FARMERS BRANCH, Texas—Prime Healthcare Services, Ontario, Calif., has continued its acquisition spree, this time further extending its presence in Texas. The for-profit system has acquired 89-bed Dallas Medical Center, an acute-care facility in the suburb of Farmers Branch. It is Prime's third hospital in the state; the chain also has medical centers in Pampa and Harlingen. Dallas Medical Center has more than 200 physicians and 250 full-time employees, according to a news release. Financial terms of the deal were not disclosed. Physician Synergy Group, Irving, Texas, previously managed the hospital; the physician-owned group allows medical professionals to gain equity in healthcare facilities. Already this year, Prime has completed acquisitions of three hospitals, including the Pampa facility, and signed another deal to purchase its second hospital in Pennsylvania.

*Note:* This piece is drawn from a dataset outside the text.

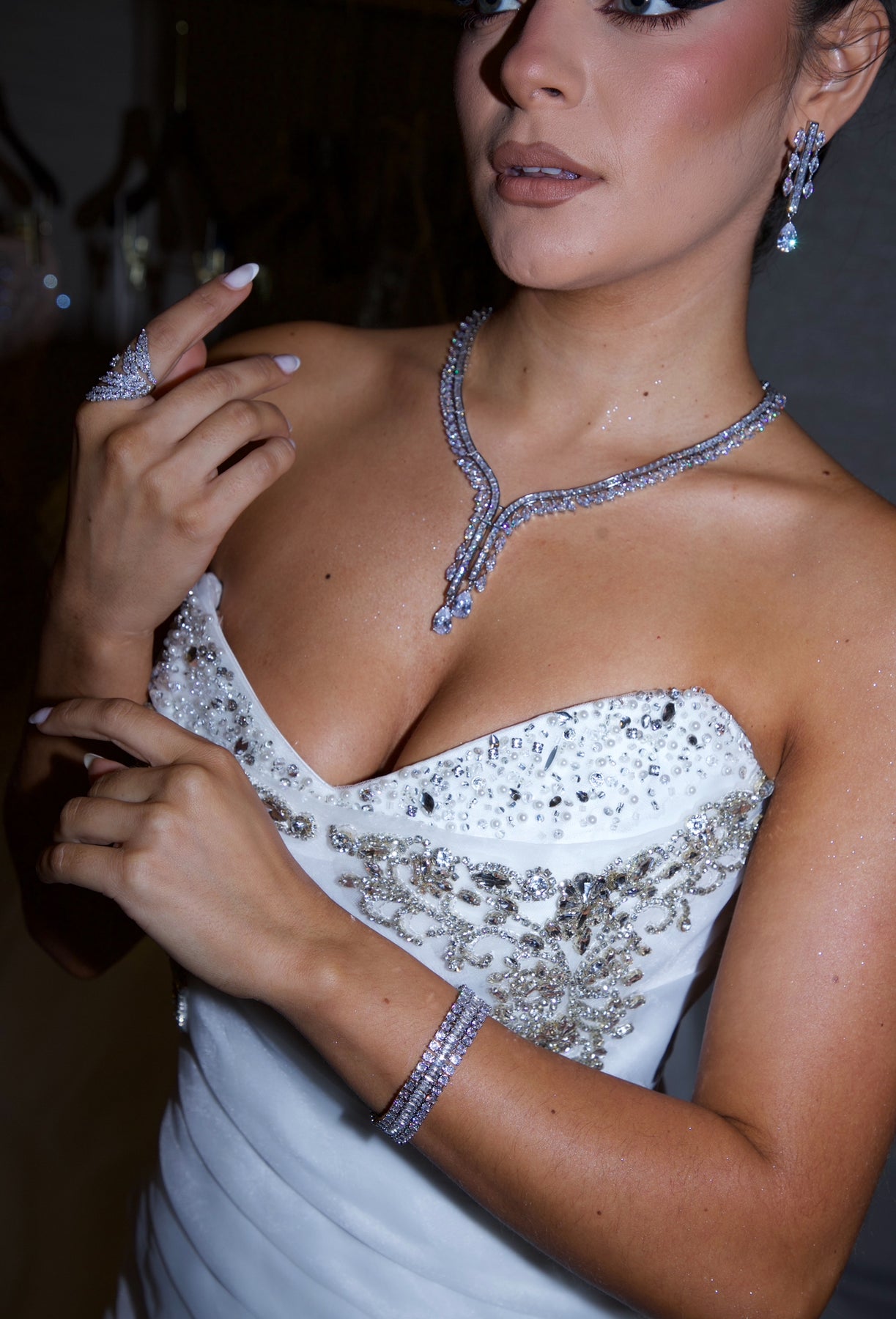 Marquise cut cubic zirconias, creating a sparkling leaflike design. Adjustable fit available in both white gold and yellow gold plated.

Regional News/South: Prime Healthcare acquires Dallas Medical Center, and other news
TALLAHASSEE, Fla.—Florida's Agency for Health Care Administration is defending itself against U.S. Justice Department allegations that it forced families to send their disabled children to nursing homes when they couldn't afford their care. “Florida cares about kids,” agency Secretary Elizabeth Dudek said in a statement last week. “Medicaid has a comprehensive medical service package that can accommodate any family who chooses to have their child at home and encourages children to be in the least restrictive setting that can best serve their needs.” Dudek was responding to a Sept. 4 letter from Assistant Attorney General Thomas Perez to Florida Attorney General Pam Bondi. The letter states that a Justice Department investigation found “hundreds” of children living “segregated lives,” despite their families' wishes and in violation of the Americans with Disabilities Act. The law requires disabled patients to be treated in community-based settings, whenever possible. The Justice Department also alleged the state cut funds for community-based services—resulting in long waiting lists—while increasing reimbursement for nursing homes that care for children. The state has vigorously denied the allegations, and said it is willing to meet with the Justice Department to “clarify their misunderstanding.” The Florida Medicaid program is also facing two lawsuits filed in March in district court in Fort Lauderdale that claim that 250 children are being illegally confined to nursing homes, while 3,300 disabled children are being cared for at home without the necessary support.
HOT SPRINGS, Ark.—Capella Healthcare moved a step closer to acquiring Mercy Hospital and Mercy Clinic, signing an asset purchase agreement with parent system Mercy. The agreement follows several months of negotiations that began in April. The Franklin, Tenn.-based chain is already present in the Hot Springs market with 181-bed National Park Medical Center and is seeking to merge the two facilities. A news release said the asset purchase agreement marks the end of the due-diligence period and the start of the next stage of the transaction. The deal between the for-profit and Roman Catholic systems requires regulatory approval as well as sign-off from the Vatican; the process is expected to take 60 to 90 days. Capella and Mercy have set up a website, advancinghotspringshealth.com, to promote the deal. The 282-bed Mercy Hospital and Mercy Clinic was previously known as St. Joseph's Mercy Health System. Parent company Mercy, Chesterfield, Mo., will own 23 hospitals in four states after the deal closes. Capella operates 13 hospitals in seven states.